If there is a set of data results that regulators and the Federal Reserve feel much better about, it’s the recent bank stress test results and the Comprehensive Capital Analysis and Review (CCAR), which was very positive for some of the top banks. The “too big to fail” argument has stayed in vogue and in the regulators’ lexicon since the meltdown in 2008 and 2009. That is with good reason: The banking system was breathtakingly close to failing, and everybody agrees we can’t let the situation deteriorate like that again.
In new Deutsche Bank research report, the analysts feel that some of the top banks are far bigger winners than others, but at the margin they feel that the results overall are very positive for the banking sector. They had three specific reasons why:
- Both share buybacks and dividend increases beat expectations.
- The results show that banks are more in control of managing their capital levels/deployment.
- It supports the view that regulatory pressures are easing on the sector after years of stringent policy.
The analysts also noted this in their report:
While capital deployment levels came in higher than we expected, combined dividend and buyback yields are up just 2.3% versus last year. This may not be enough to offset future earnings pressures from the flattening yield curve, sluggish loan growth, and disappointing capital market revenues (assuming these trends continue).
There were some big winners in the group, and here we focus on the stocks rated Buy at Deutsche Bank.
Deutsche Bank is very positive on this company, as it has fared very well.
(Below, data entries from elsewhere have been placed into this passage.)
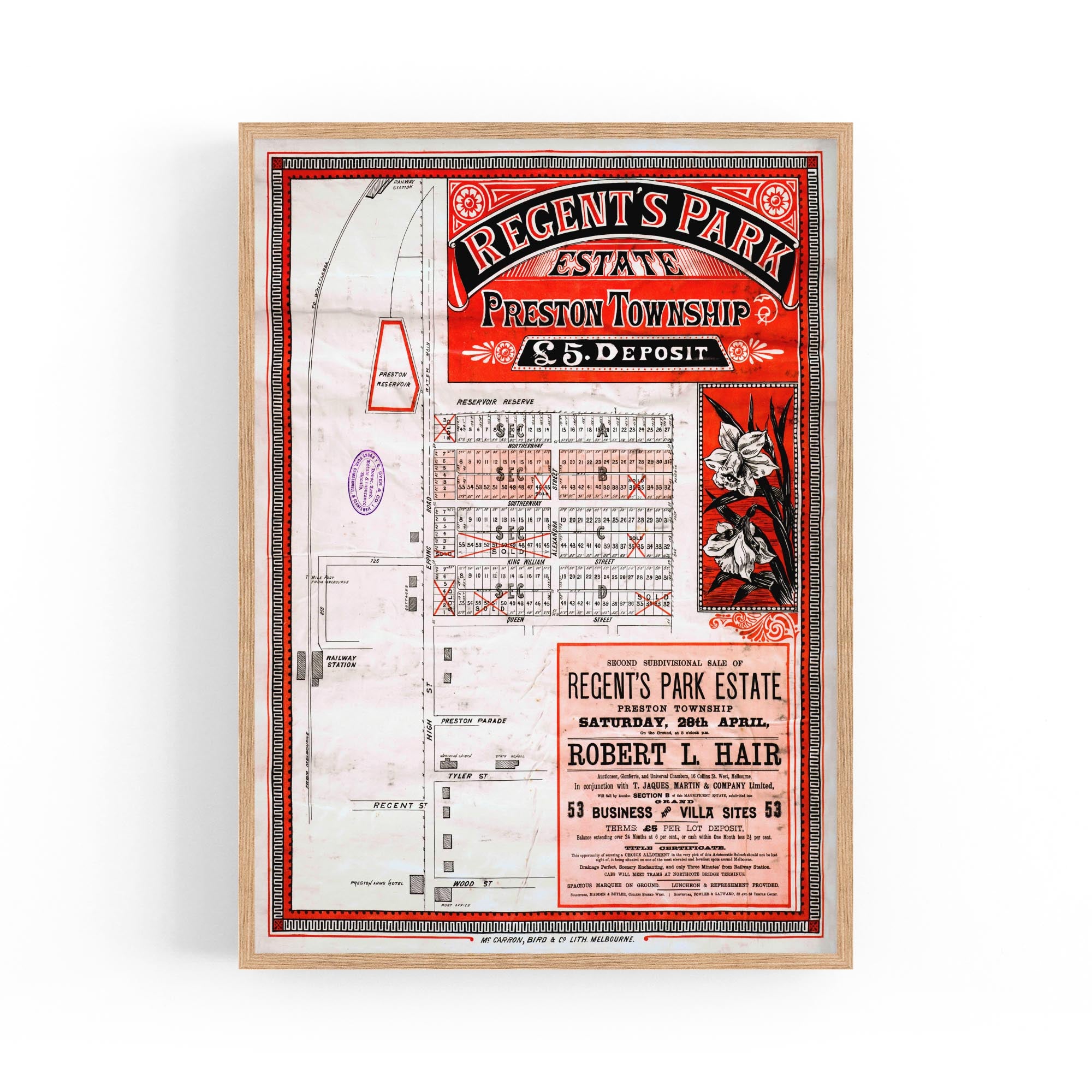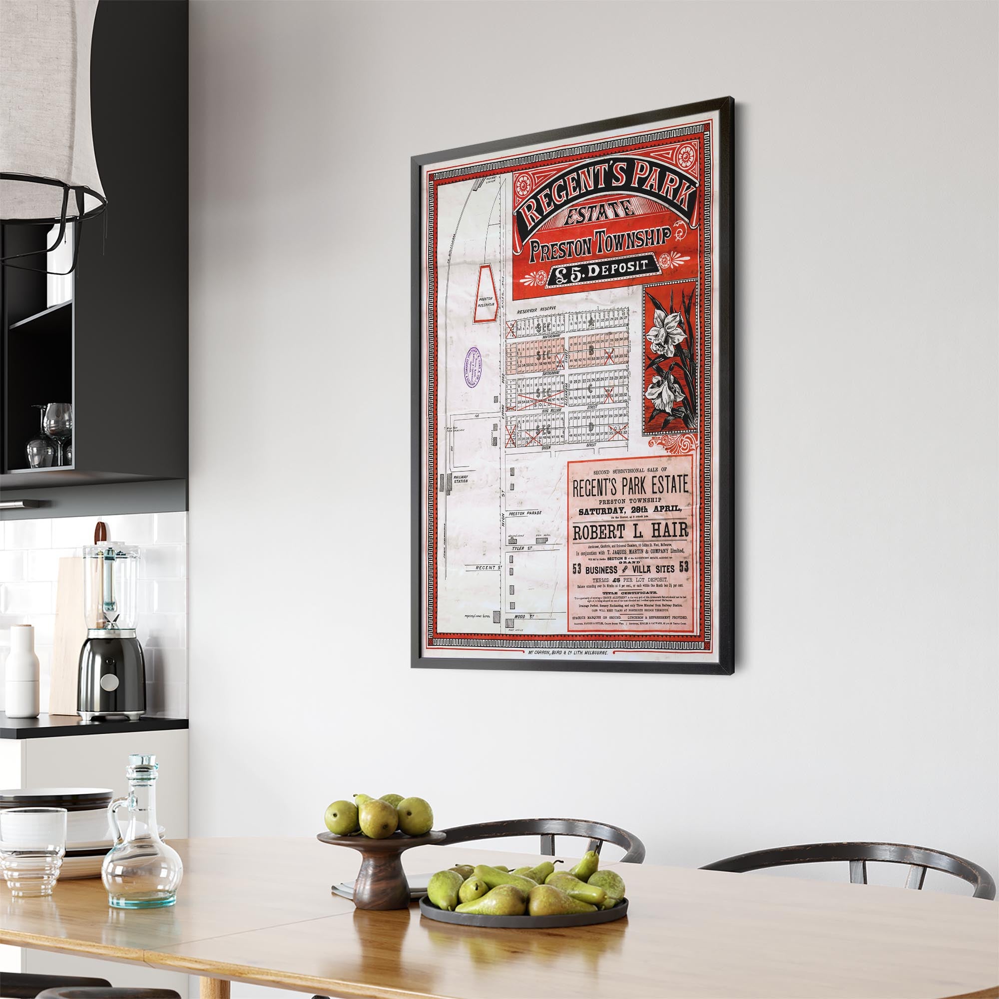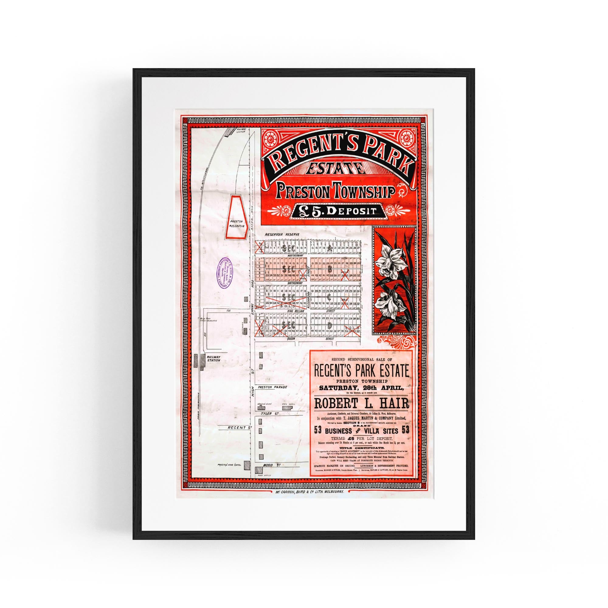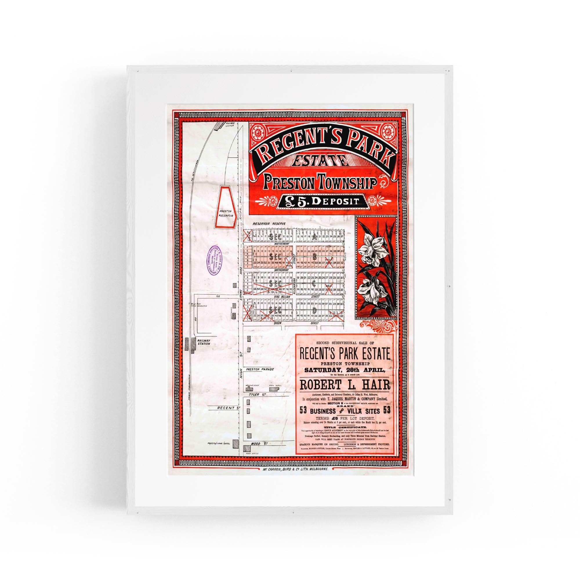 1888 Vintage Map of Preston, Victoria Australia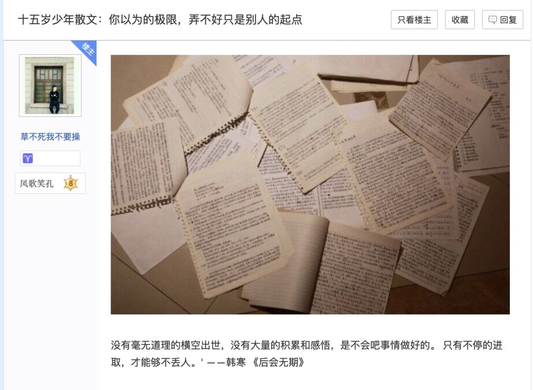 曾有位 15 岁的少年在新概念作文吧直播自己写作,活跃了三年。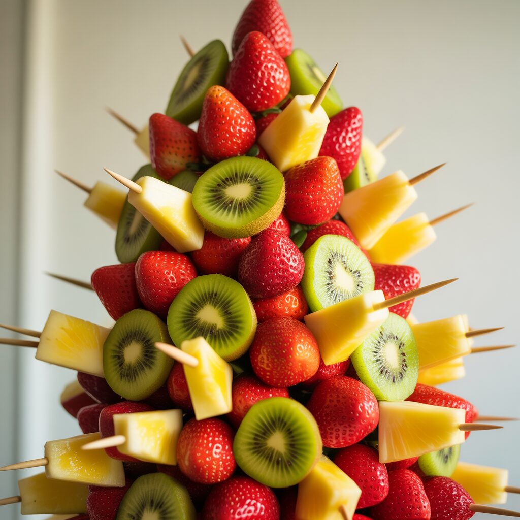 Use skewers or a cone base to create a tree with strawberries, kiwi, and pineapple. Fruit trees are fresh, vibrant, and naturally sweet.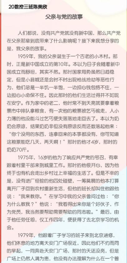 经过公平、公正的评审,此次活动共评选出一等奖1名:20数控3班的陈美欣《父亲与党的故事》;二等奖2名:20工设3班的蔡东晓《百年党史,敲出星星之火》,19机器人1班的吴宇绵《危急中国,小红船的共鸣》;三等奖3名:20自动化1班的杨端贤《记忆珍贵的党史》,19自动化3班的李耿东《忆岁月,颂英雄,洒红色》,20工设3班的张双蓉 《忆党峥嵘,担青年使命》,以及参与奖若干。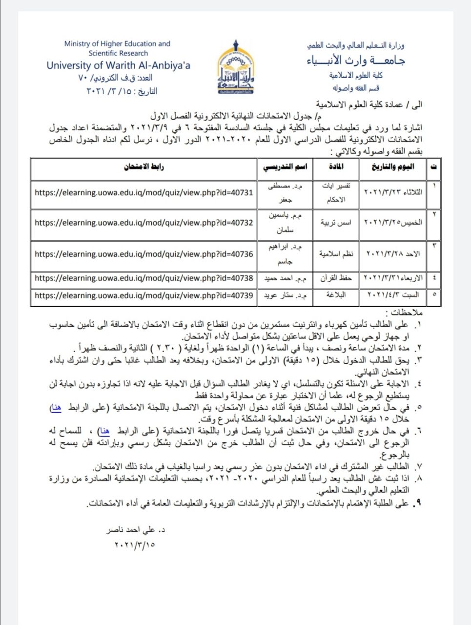 أعلن السيد مساعد رئيس جامعة وارث الأنبياء عليه السلام للشؤون العلمية الأستاذ الدكتور عباس كاظم الدعمي المحترم انطلاق الامتحانات النهائية للفصل الدراسي الأول في الدراسات الأولية للعام الدراسي (2020/ 2021) هذا اليوم السبت الموافق (20/ 3/ 2021).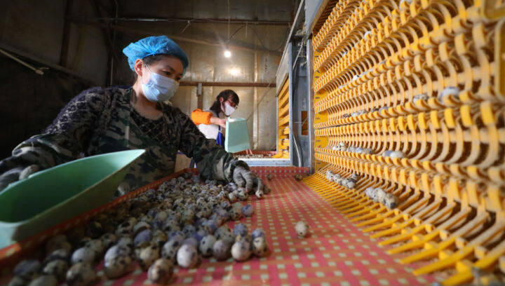 1月27日,在遼寧省遼陽縣壯大畜牧養殖專業合作社,工人在收集分揀鵪鶉蛋。新華社記者楊青攝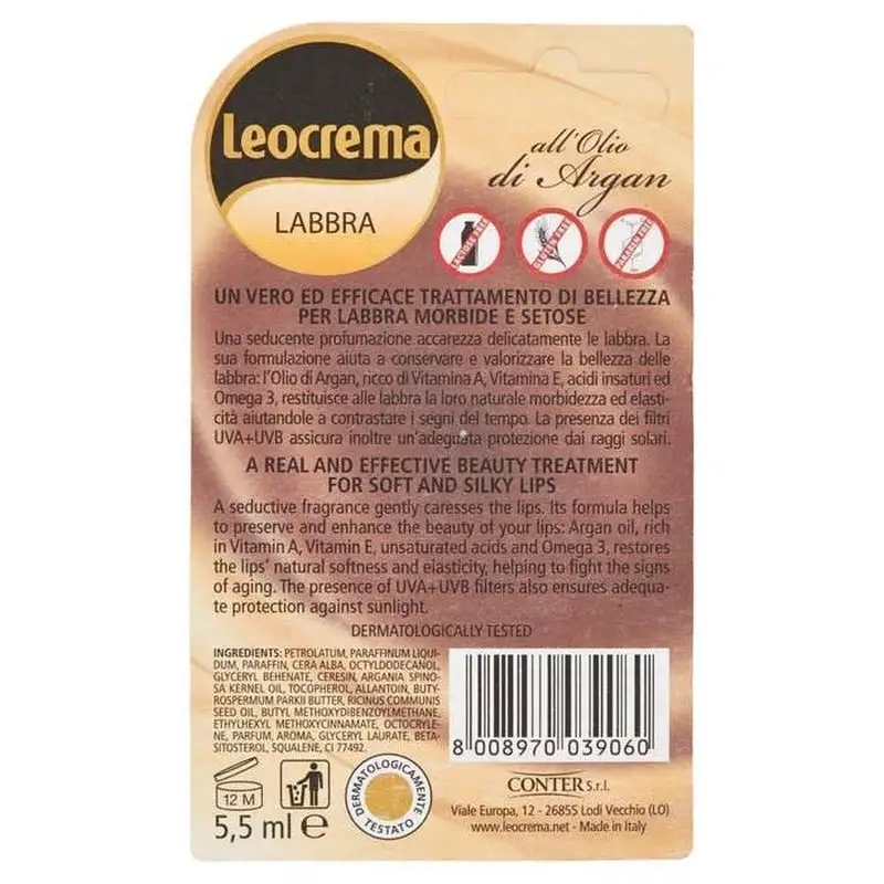 DESCRIERE: Un adevarat si eficient tratament de infrumusetare pentru buze moi si matasoasa Un parfum seducator mangaie delicat buzele. Formula sa contribuie la conservarea si de a spori frumusetea buzelor tale: Ulei de Argan, bogat in vitamina A, vitamina E, nesaturat si Omega 3, se intoarce la buze la moliciune lor naturala si elasticitate ajutand la combaterea semnelor de imbatranire. Prezenta UVA + UVB asigura, de asemenea, o protectie adecvata de razele soarelui. COMPOZITIE Pertrolatum, parafina lichida, parafina, Cera Alba, octildodecanol, gliceril behenat, Cerezina, Argania Spinosa Kernel ulei, Tocoferol, alantoina, Butyrospermum parkii Unt, Ricinus communis Ulei din seminte, butii Methoxydibenzoylmethane, etilhexil metoxicinamat, Octocrylene, Parfum, Aroma, gliceril laurat , Betasitosterol, squalene, CI 77492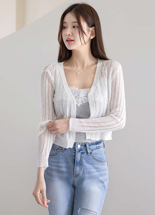 [Lightweight rayon blend with breathable open-knit texture offers cool comfort, while the cropped one-button bolero design adds an effortless layer for daily and vacation styling.]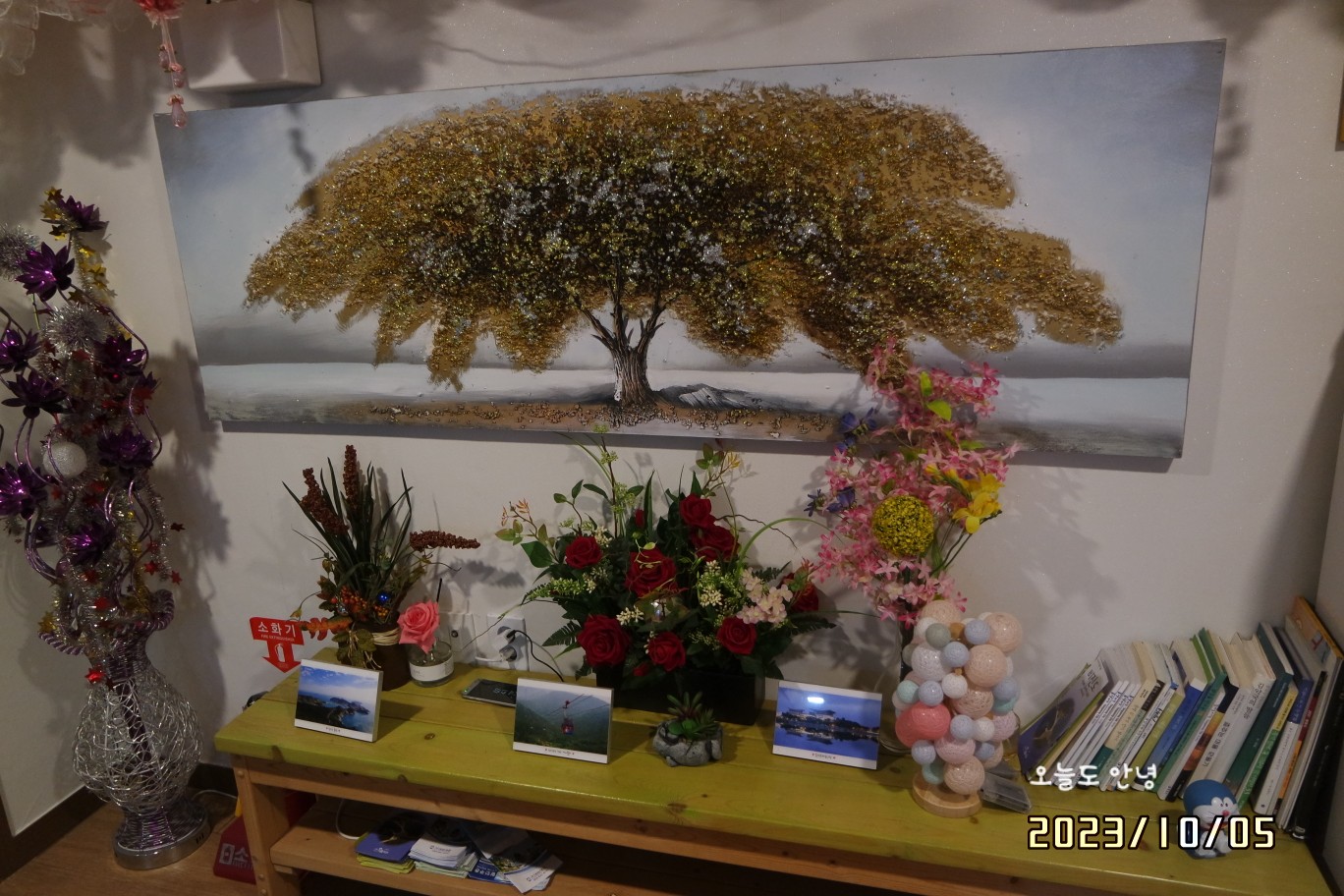 여행이야기가 가득한 책과 사진들이 있고, 행운 나무 그림이 있어요.

BB&T Corp. (NYSE: BBT) is a Winston-Salem, North Carolina-based financial services company with more than $180 billion in assets. With a history dating back to the Civil War, and now currently the ninth largest U.S. bank by deposits and sixth largest by number of branches, BBT offers a wide variety of different financial products ranging from consumer and commercial banking to securities brokerage and asset management.
The bank increased the dividend to $0.33 a share from $0.30, which came in above the Deutsche Bank estimates of $0.32. The company plans on buying back $1.8 billion in shares, beginning next quarter, and that was also above the estimates of $1.71 billion.
Shareholders receive a 2.65% dividend. The Deutsche Bank price target for the shares is $49, while the Wall Street consensus target is $47.27. Shares closed Thursday at $45.61.
This continues to be the gold standard of Wall Street banks and trades at a reasonable 13 times estimated 2017 earnings. Goldman Sachs Group Inc. (NYSE: GS) has a gigantic institutional equity, debt and derivatives business, an ultra-high net worth clientele, top investment banking and capital markets expertise. The bank continues to be a dominant force around the world and is one of the most sought after in the world. And it is one of the very few that dictate who can be a client at the firm.
Deutsche Bank sees the dividend rising to $1.00 from $0.75. The report also noted this:
Capital plan also included share buybacks (not quantified) and the possible issuance and redemption of other capital securities. Note we had assumed $7 billion of repurchases but based on CCAR and DFAST results, estimated buybacks could be closer to $10 billion.
Goldman Sachs shareholders receive a 1.35% dividend. Deutsche Bank has a $255 price objective, and the consensus target price is $244.08. Shares closed Thursday at $224.41.